Toxic Relationship with Mother

Sometimes it can be really hard to get along with our mothers. How do we improve the relationship? How do we know when enough is enough? How do we know if we are in an emotionally abusive relationship. I try to answer these questions in a response I wrote to a young teenager who views her relationship with her mother as toxic. Check out the original post on the Stone to Bridges website or scroll down to read below.

Whether you are a young teen or an older adult, relationships with parents can be tricky! If you are having a difficult time with your mother and could use some guidance on how to handle the relationship contact me to schedule an appointment.
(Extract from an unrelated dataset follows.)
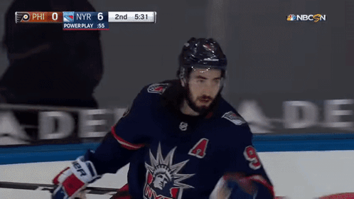 Mika Zibanejad celebrates a goal for the New York Rangers during a dominant 6-0 game.
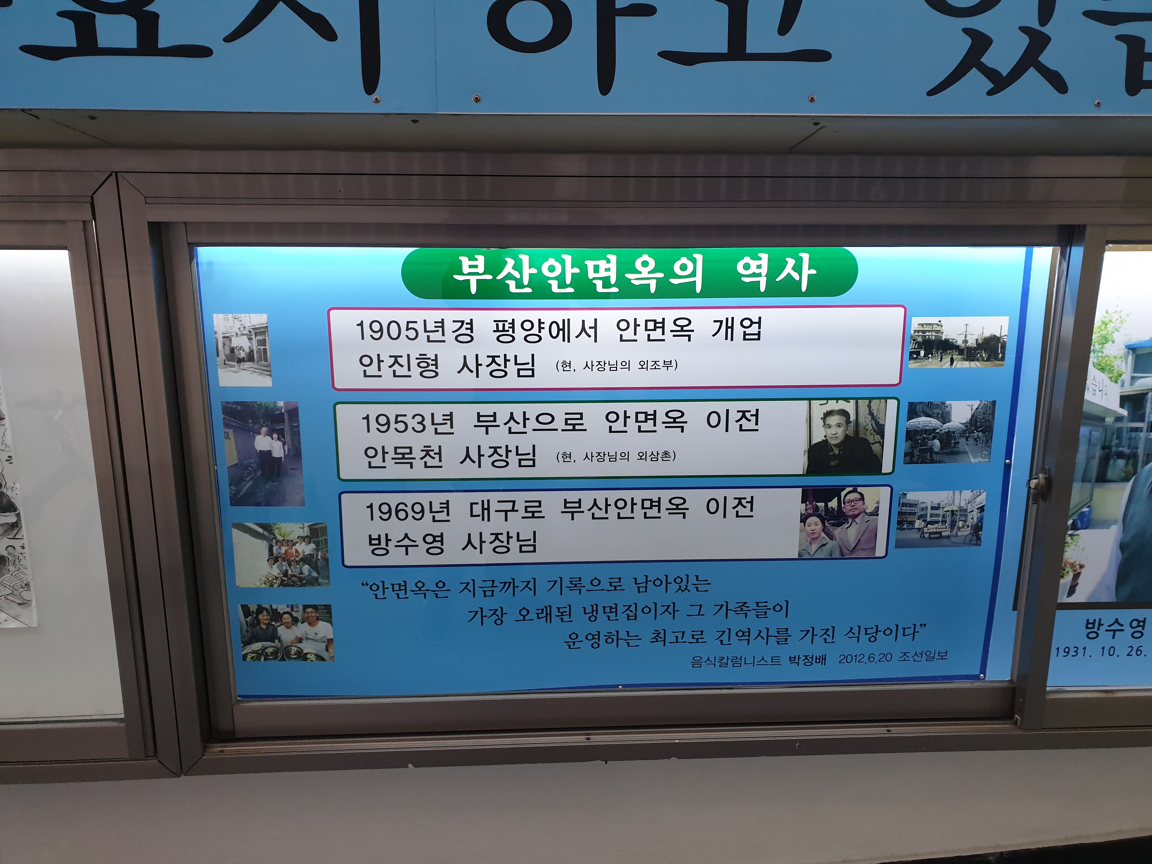 입구에서부터 독특하게 긴 역사를 가진 부산안면옥의 역사를 볼 수 있네요.

Muslims Youth Question: Please Help

Dear Fatima,

I’m a teenage girl who occasionally wants to leave home. I live with my mom and her boyfriend and I swear she makes me feel unwanted, pathetic and like she hates me. It’s hard because I love her to death and don’t want anything to happen to her but I feel she doesn’t feel the same. She kinda treats me like trash. Yeah, sometimes I mess up but when I do she acts the world is ending and I caused it. When I do end up doing well she tells me it needs to be like this all the time. I wish sometimes she could be in my place and know how I feel and know how much work we get in school. She makes me feel like a waste of space. Please, this is a cry for help. I need help dealing with my mother and her toxicity but just don’t know how.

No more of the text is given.